Oracle Spatial has a function called SDO_UTIL.GETVERTICES:
This function returns an object of MDSYS.VERTEX_SET_TYPE, which consists of a table of objects of MDSYS.VERTEX_TYPE.
CREATE TYPE vertex_set_type as TABLE OF vertex_type;
The GetVertices() function is typically used in conjunction with the Table() function. The geometry table is cross-joined with table(getvertices(shape)) to propagate vertex rows for each geometry:
with cte as (
select sdo_geometry('linestring (10 20, 30 40)') shape from dual union all
select sdo_geometry('linestring (50 60, 70 80, 90 100)') shape from dual union all
select sdo_geometry('linestring (110 120, 130 140, 150 160, 170 180)') shape from dual)
select
v.*
from
cte, table(sdo_util.getvertices(shape)) v
X Y Z W V5 V6 V7 V8 V9 V10 V11 ID
----- ----- ----- ----- ----- ----- ----- ----- ----- ----- ----- -----
10 20 1
30 40 2
50 60 1
70 80 2
90 100 3
110 120 1
130 140 2
150 160 3
170 180 4
And the examples in the docs suggest using Table() as well.

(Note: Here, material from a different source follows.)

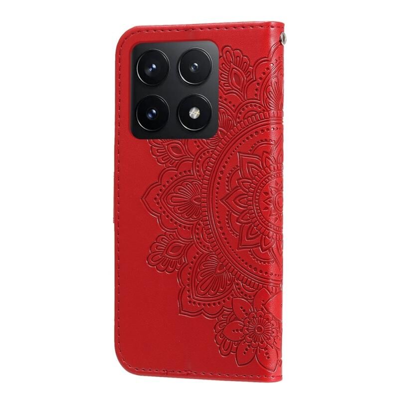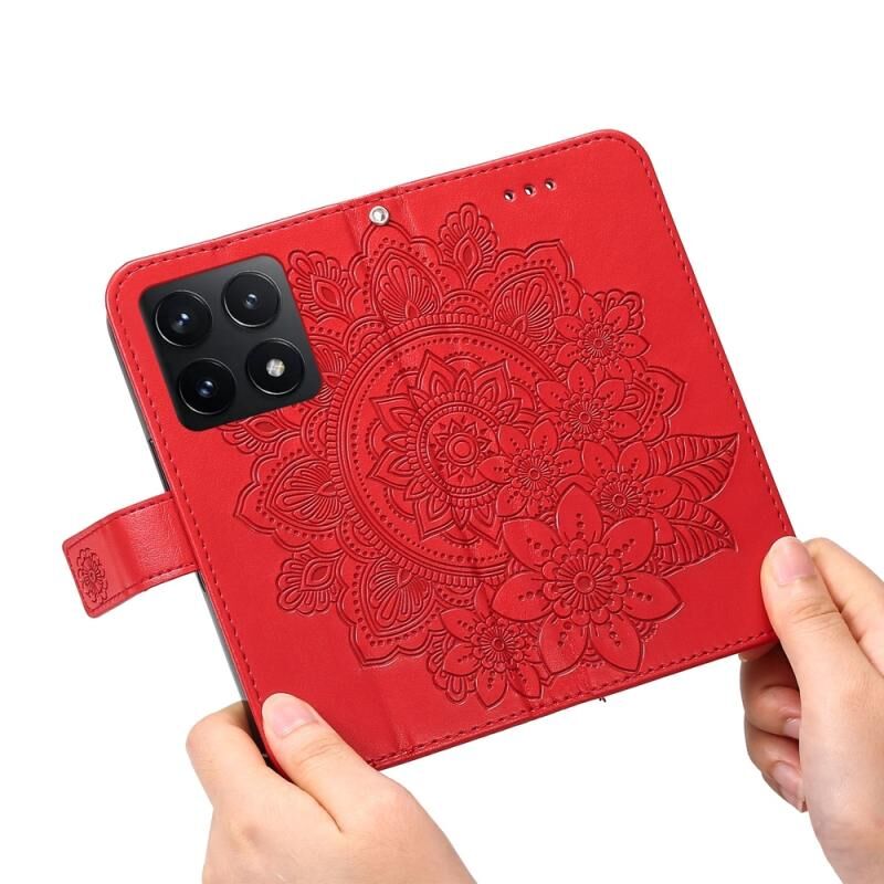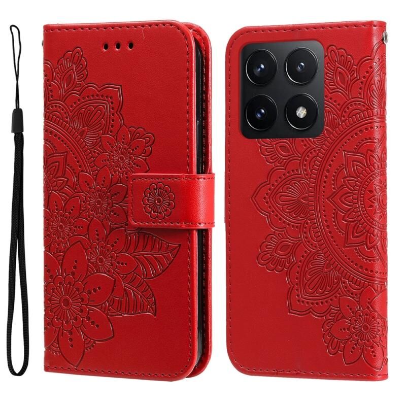 Για Xiaomi 14T Επτά-πέταλα λουλούδια ανάγλυφη δερμάτινη θήκη τηλεφώνου (κόκκινο)

But from a quick test, using the table() function doesn't seem to be necessary. If I remove the Table() function from the query, it produces the same result.
Question:
How is it possible that cross-joining with a table object propagates rows — without needing the Table() function?
The docs suggest that we should use the Table() function, so I wonder if that was correct in older versions of Oracle, but maybe something changed in newer versions?